Sergio Ramírez
Otra vez vuelvo a encontrarme en la sala de un aeropuerto con mi viejo amigo empresario nicaragüense, quien sin preámbulo alguno empieza a hablarme de la situación del presidente Obama, amarrado de pies y manos por un congreso hostil que ha paralizado el gobierno y amenaza con precipitar a Estados Unidos en el negro abismo de la insolvencia. "Estas son las consecuencias de un sistema que se ha vuelto inoperante, el congreso se amotina, y todo porque no hay un presidente capaz de tomar las decisiones sin estorbos", me dice.
He venido leyendo en el avión el artículo de George Friedman Las raíces de la clausura del gobierno, publicado en el sitio Geopolitical Weekly, que coloca el peso de la responsabilidad de la crisis sobre las minorías ideológicas. Como a la gente común le interesa más la vida privada que los asuntos públicos, argumenta, todo queda ahora en manos de esas minorías fundamentalistas, capaces de movilizar a los votantes que se identifican con ellos; el resto, no vota. Pero estas explicaciones de Friedman, que comparto, no son suficientes.

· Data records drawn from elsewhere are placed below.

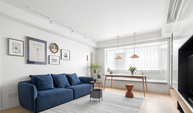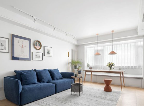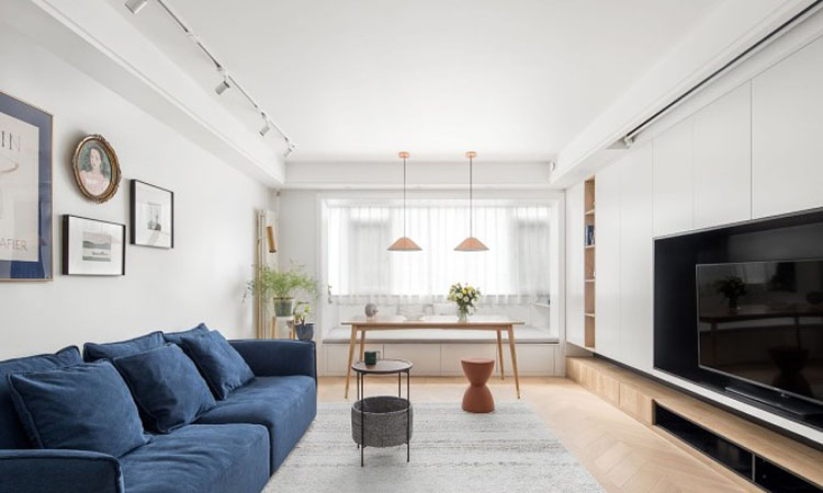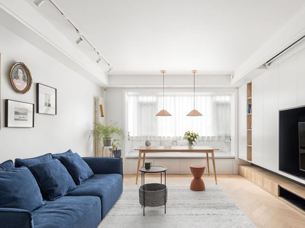 重新規劃后將餐廳由狹小的過道移至客廳,除了用餐之外,家人也可以圍坐在此一起畫畫做手工等,客廳陽臺位置以榻榻米的形式增大儲物,同時也可以允許多人同時使用餐桌。
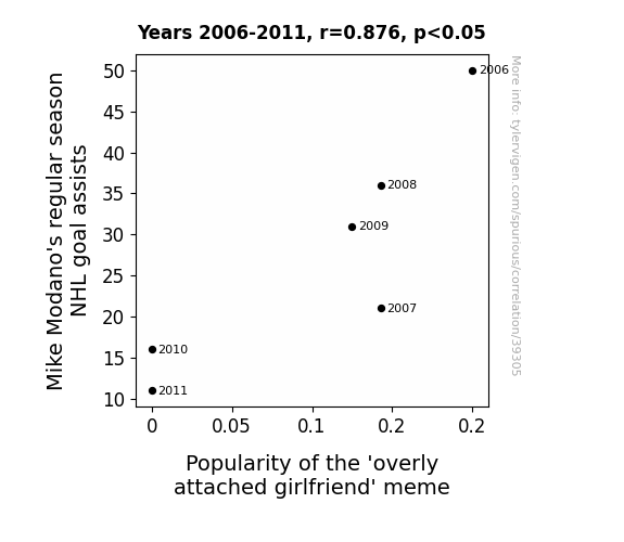 This means 76.7% of the change in the one variable (i.e., Popularity of the 'overly attached girlfriend' meme) is predictable based on the change in the other (i.e., Mike Modano's regular season NHL goal assists) over the 6 years from 2006 through 2011.
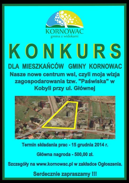 Gmina Kornowac ogłasza konkurs „Nasze nowe centrum wsi, czyli moja wizja zagospodarowania tzw. „Paświska” w Kobyli przy ul. Głównej”.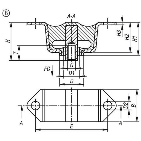 GUMMI-METALL-DECKENELEMENT INNENGEWINDE M08, FORM:B, ECKIG, STAHL VERZINKT, K...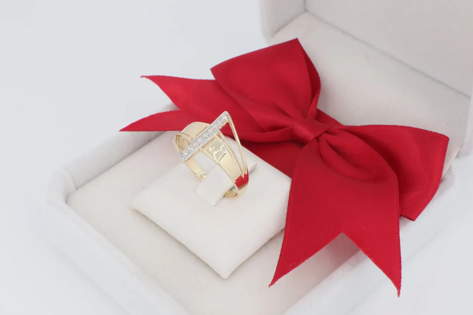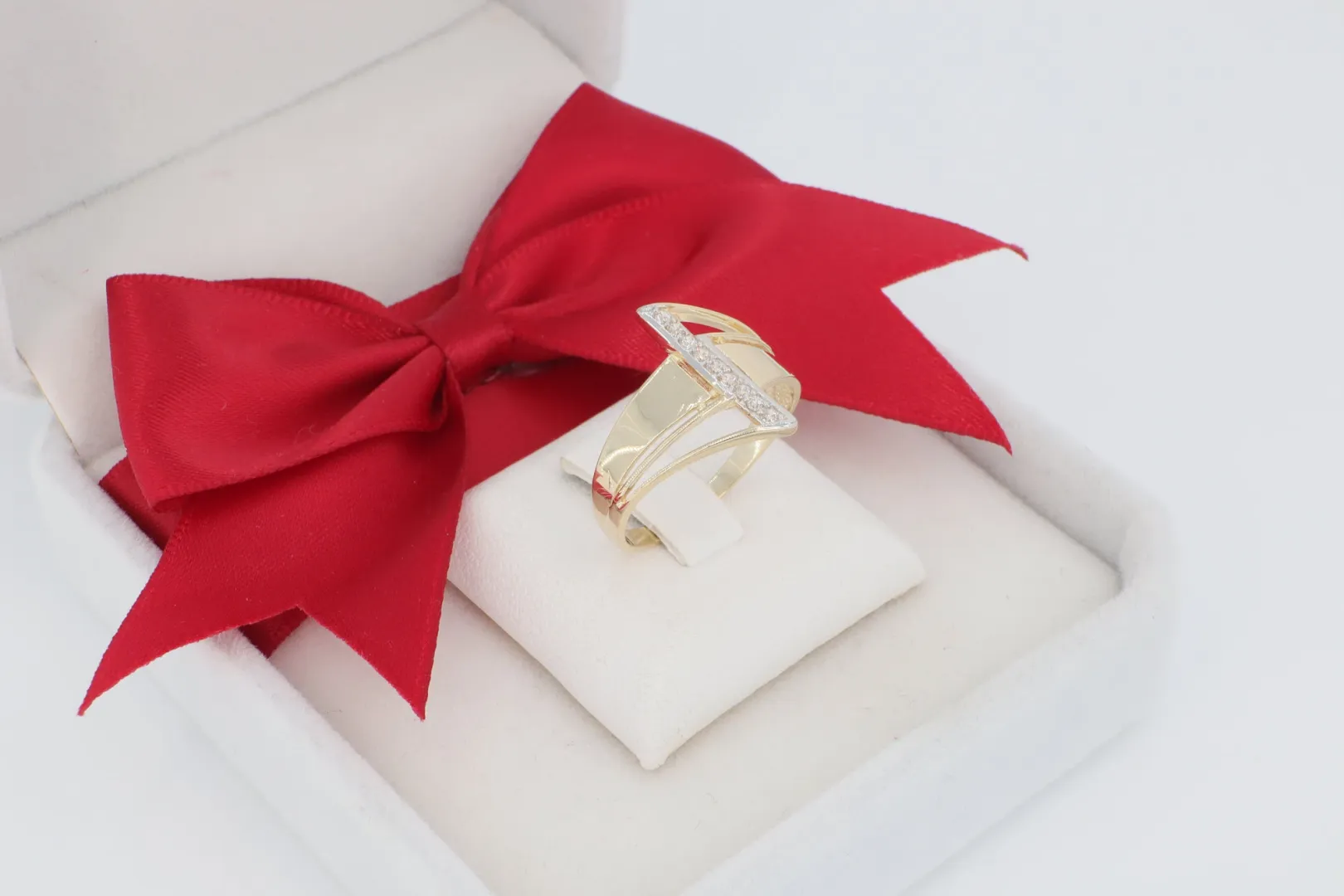A modern forma és a diszkrét ragyogás eleganciája! Rendelje meg most ezt a 14 karátos kéttónusú arany gyűrűt!

En el Tea Party, una secta de ultras enquistada dentro del partido republicano, muchos creen que sin el estado estarían mejor, extraños discípulos anarquistas de Bakunin, situados a su derecha; pero en su código ideológico está también la supremacía racial, y cada mañana que recuerdan que un negro está en la Casa Blanca, se les agría el desayuno. Esto es parte de esa vieja cultura ideológica WASP (blanco, anglosajón, protestante) que vio con horror a Martin Luther King.
Pero a mi amigo de los aeropuertos esas filosofías no le preocupan, sino que una democracia, por muy antigua que sea, no puede imponer su autoridad y se queda sin pagar a los empleados públicos y de cara al colapso frente a sus acreedores.
"Son democracias pasadas de moda", me dice. Me mira con mirada de preceptor de párvulos, me da unas palmaditas amables en la rodilla, y agrega: "Estamos mucho mejor en Nicaragua. Imaginate un congreso insurreccionado, los negocios quebrarían, y con ellos el país".
Entonces, me ilustra acerca de las ventajas del sistema político del que Nicaragua disfruta, donde no existe la menor posibilidad de disidencia. "¿Sabés de otro país donde el salario mínimo se decida de manera más rápida porque empresarios, trabajadores y gobierno llegamos a acuerdos apenas nos sentamos a la mesa de discusiones? Y es así, porque antes, ya todo ha sido consensuado entre nosotros y el presidente".
En un respiro de su alocución, le digo en ninguna parte de la Constitución de Nicaragua está escrito que el presidente pueda dar órdenes a los diputados, magistrados, o sindicatos. "¿Así como en Estados Unidos?", me pregunta sarcástico. Esos son los riesgos de la democracia, le respondo. Lo contrario significa que quien da él solo las órdenes sabe lo que es bueno y no se equivoca nunca, porque es infalible. Al contrario, el autoritarismo es ya una equivocación, que siempre prueba ser fatal.
Más bien me propone que en Nicaragua, en lugar de una asamblea de diputados ociosos, que viven como parásitos a costillas del erario público, debería haber otra, formada por representantes de los gremios útiles a la sociedad, las cámaras patronales, los bancos, los sindicatos de trabajadores, los colegios profesionales, las universidades, el ejército, y hasta la iglesia. Gente responsable, capacitada, nadie que no tenga estudios académicos podría sentarse en esa asamblea.
Veo, no sin alivio, que la muchacha del mostrador de la línea aérea está abriendo la puerta que lleva a la manga del avión, y que los pasajeros comienzan a alinearse. "Eso ya ha sido probado antes, el estado corporativo", le digo, a manera de despedida, "y fracasó trágicamente". Ya no tengo tiempo de explicarle ni dónde, ni cuándo, pero sé que volveremos a encontrarnos.